13 replies to this topic

### #1spek  Prime Members   -  Reputation: 873

Like
3Likes
Like

Posted 11 December 2012 - 04:18 PM

I'm in the need for a smart guy/girl again to finish the last bits of "Voxel Cone Tracing". Though this problem is not just for VCT, but for raymarching & using a volume(3D) texture to test collisions in general.

So far I made the octree, the bricks, and mipmapped the whole thing. There are some differences with the original CVT technique. For one thing, I'm making 2x2x2 pixel bricks instead of 3x3x3. I can still smoothly interpolate the bricks over the geometry without getting a tiled view.
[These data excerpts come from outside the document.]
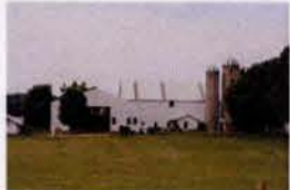
B4 53814 Eden Line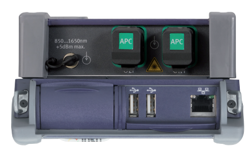
T-BFRD/MTS-2000 with PON Power Meter Module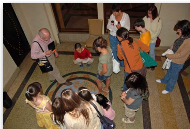
Touring the Fox Theatre, examining the intricate mosaic in the floor.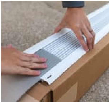
Gutter Guards for One-story House: How Much Would It Cost?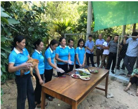
Training for online sales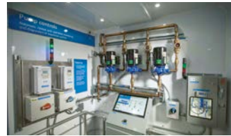
Pumping Valve demonstration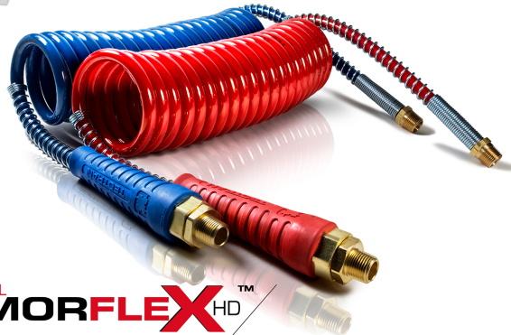
ARMORCOIL ARMORFLEX HD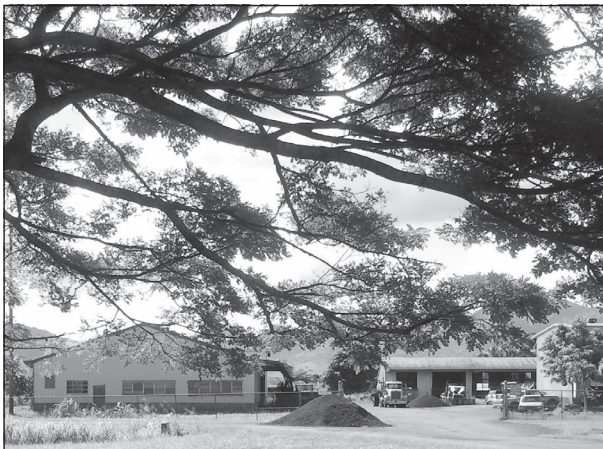
Some of the buildings on the 24-acre site in Whitmore Village the ADC recently purchased from Castle & Cooke.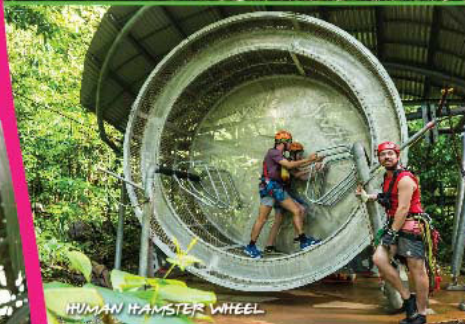
HUMAN HAMSTER WHEEL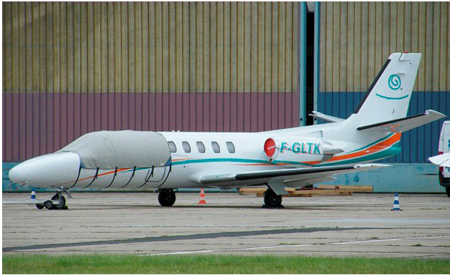
Citation Windshield Cover, to back of door

This cover type is made from Silver Acrylic Sunbrella canvas and is 100% lined with a soft and smooth microfiber. Bruce's Custom Covers developed this material combination especially for aircraft protection. The outer material is medium weight and treated for water resistance, UV resistance and anti-static buildup. The inner lining is a very soft and smooth microfiber to prevent scratching. The material is very reflective, and tests show that the cabin interior temperature can be reduced to near-ambient temperature on the hottest of days. It is water, ice and snow repellent, yet breathable to allow moisture to escape from between the cover and the aircraft surface.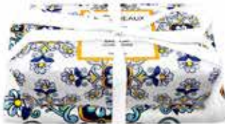
#CCGS-BSTT-SOR kitchen bar soap with tea towel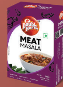
Meat Masala 140g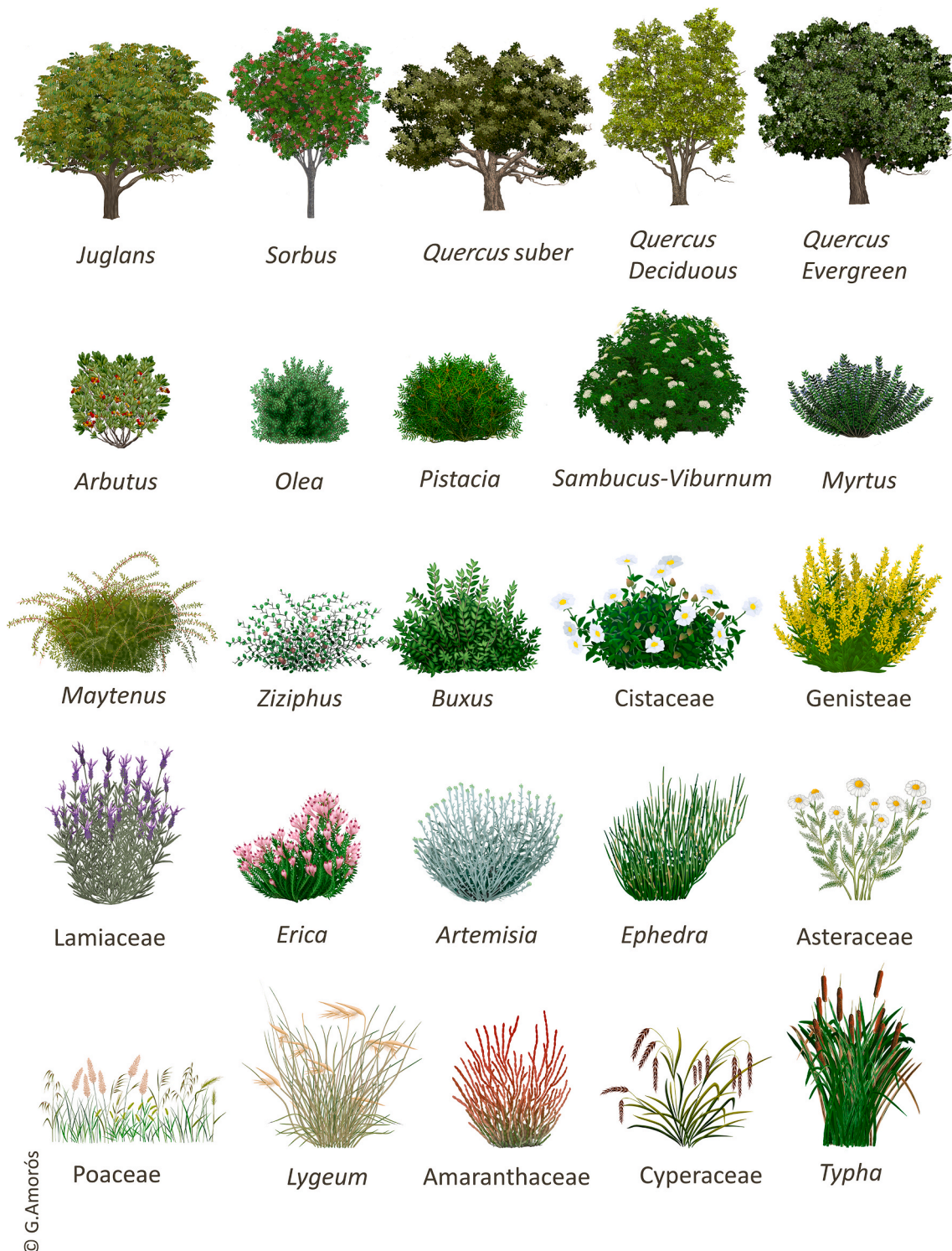
Fig. 3. Original digitised drawings depicting the primary taxa of the paleoartistic reconstruction of the Orce Archaeological Zone (OAZ) shown in Figs. 3–6 (part 2).

must have been therefore contingent on Early Pleistocene vegetation dynamics (Carrión et al., 2022a, b), although there are latitudinal differences including denser forest formations in the northeast, and arid lands in the south (Suc and Cravatte, 1982; Leroy, 1987, 1988, 1997; Postigo-Mijarra et al., 2007; Jimenez-Moreno et al., 2010; Altolaguirre et al., 2019). Several cases of survival are particularly relevant, such as Carpinus betulus , which might have its last refuge in the Betics before retreating to positions that today are confined to the Eurosiberian belt (Ochando et al., 2022b). Their illustration in this study attempts to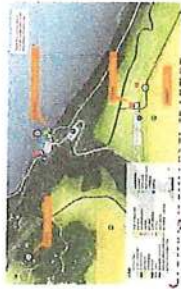
Spring Lake Park Master Plan

However, the actual raymarching is penetrating the walls (thus sampling light behind an obstacle) too often. I know why (see the picture), but how to solve it? In short, when doing linear sampling in a brick, the occlusion value I get is often too small to stop the ray. So the result will partially pick from geometry further behind. Also another problem is that my results are too dark in some cases, if the ray samples from a higher mipmapped level that was mixed with black pixels (no geometr-vacuum octree nodes). In the image, you can see that the results really depend on at which point I sample within a brick. When MipMapping =blurring with unfulled neighbor nodes, all these problems get worse, One extra little annoying problem is that this also created "banding" artifacts.

There are 2 simple things I can do A: sample with "nearest" instead of "linear" filtering and B: take a lot more (smaller) steps to assure you sample the same node multiple times. However, solution A will lead to "MineCraft" results, and B makes the already heavy technique even slower. And still doesn't guarantee rays penetrating unless I take awfully much samples.

As for the (compute) shader code, let's illustrate the path of a single ray:
rayPos = startPoint + smallOffset
occluded= 0
color   = (0,0,0)
radius  = 0.25 // my smallest nodes start at the size of 0.25 m3
while (occluded < 1)
{
// Get a node from the octree. The deepest level
// depends on the current cone radius
node = traverseOctree( rayPos, radius )

// Check if there might be geometry (thus nodes)
// at the current cone size level
{
// Sample brick
// localOffset depends on the ray position inside
// the
localOffset = absToLocalPosition( rayPos, node.worldPos )
texCoord3D = node.brickCoord + localOffset

colorAndOcclusion = sampleBrick( texCoord3D, rayDirection )
occluded += colorAndOcclusion.w
color	+= colorAndOcclusion.rgb
}

// increase cone size so we take bigger steps
// but also sample from higher (more blurry) mipmapped nodes

// March!
}


So, to put it simple, the ray keeps moving until the occlusion value gets 1 or higher. When there might be geometry at the ray position, we add the values we sample from a brick, stored as 2x2x2 pixels in a 3D textures. Probably important to know as well, the color and occlusion we sample also depends on the ray direction, and in which way the voxels were facing.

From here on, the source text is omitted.